Data Management Resources
Data Acquisition and Repository System (DARS) is a web-based system for facilitating data storage, display and access by investigators.
DARS consists of two modules that function independently but are linked internally at the back end through a SQL server data warehouse: data acquisition module and data repository module. The former allows investigators to submit proposals for analysis of available databases and supports online capabilities where reviewers can comment on and rate proposals.
Additional features include email notification (e.g., when comments are added to proposals), constraints on proposal length, and simple scoring forms to streamline the submittal and review process. Once analysis proposals are approved, investigators can access the data repository module and self-select sections within the relevant database that are appropriate for their study.
The data repository module provides a simple-to-use method for browsing archived datasets at form-, section-, and question-level. At each level, the system clearly indicates whether the form/section/question was or was not included from each of the exam visits in the study.

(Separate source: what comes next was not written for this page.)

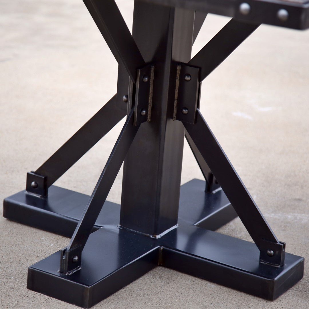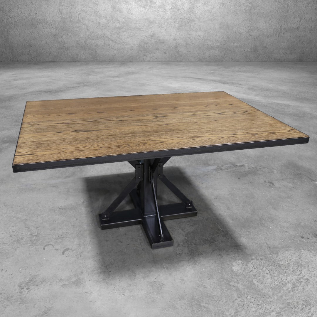 Ahşap ve endüstriyel esintili destek yapısının birleşimi sağlam ve şık bir görünüm yaratır. Yemek masası, arkadaşlarınızla ve ailenizle yemek ve toplantılara ev sahipliği yapmak veya şık ve işlevsel bir çalışma alanı olarak mükemmeldir.

Most importantly, at the question level, investigators can look at summary statistics, such as the number of null or non-null values for each question by visit, and can see summary counts of the individual responses to questions and compare the counts from one visit to the next. It also includes an inflectional search mechanism that allows users to enter any search term and the system will return all questions that with that term (or related terms) and all questions with responses that contain the term.

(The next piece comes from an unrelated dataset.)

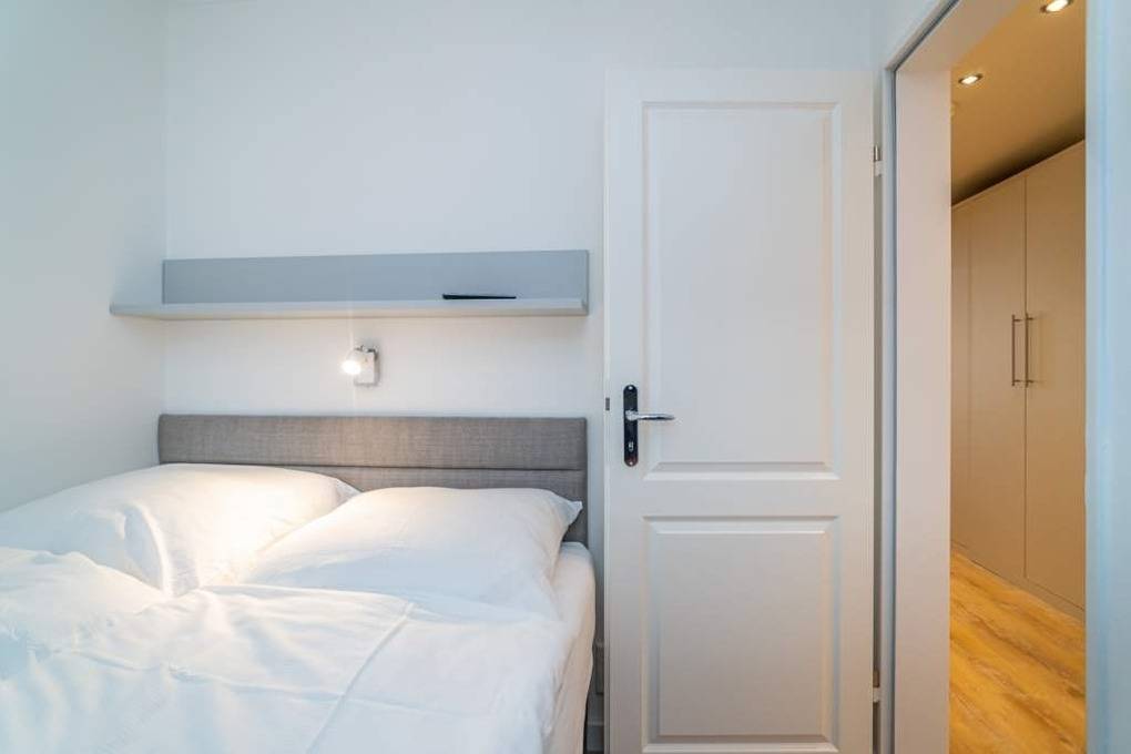 Das Schlafzimmer ist mit einem Boxspringbett (Liegefläche: 1,40 m x 2,00 m, durchgehende Matratze, einseitiger Einstieg) ausgestattet.

For example, using the word “drive” as a search term returns questions containing “drive,” “driven,” “driving,” “drives,” etc. Questions such as “When you go to the doctor or other medical care, how do you usually get there?” in which the response could be “drives self” are also returned.

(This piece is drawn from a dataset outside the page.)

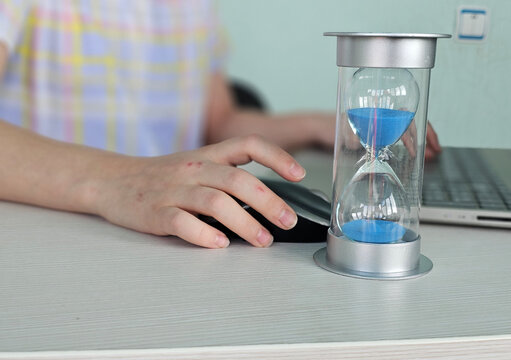 Blue Hourglass With Glowing Sand And Digital Background Design

DARS has been implemented for the Women’s Health and Aging Study data. The search feature has become the most popular method for browsing these data, as it so quickly allows researcher to find what they are looking for. DARS also makes it possible to track and manage requests by project staff for data access by multiple users.
The Women's Health and Aging Study Blood Database Reporting System (WHAS Blood Database Reporting System) is a web application that allows users to access real-time summary of the database. The database currently contains over 100 blood measures collected yearly over three years in WHAS I and every 18-36 months over 11 years in WHAS II. Summary reports can be automatically generated by using our simple online query form, such as study-level summary of number of available blood draws and number of non-missing values for each blood measure by study visit, and subject-level summary of number and timing of available blood draws, as well as assay information (e.g. manufacturer, CVs).
We’re committed to strengthen RCDC support of promising junior investigators by maximizing the investigators’ basic statistical skills, facility with modern tools for acquiring and transmitting data, their breadth of access to data and ability to apply the most effective statistical methodology for their research.
One way to accomplish this is through the superb quantitative education and intellectual enrichment opportunities already available at our institution, prominently including courses provided by the Bloomberg School of Public Health (e.g. a two-term, online course of introduction to biostatistics: (140.611-2).
However, we have also recognized a need to supplement already-available statistical training with material either disseminating development project research, focusing on frailty or making general statistical learning specific to aging. To this end we have begun developing video teaching modules. We have completed a module on frailty measurement; and filming is nearly complete for modules on longitudinal data analysis and missing data. We design these talks to be both informational and application-based.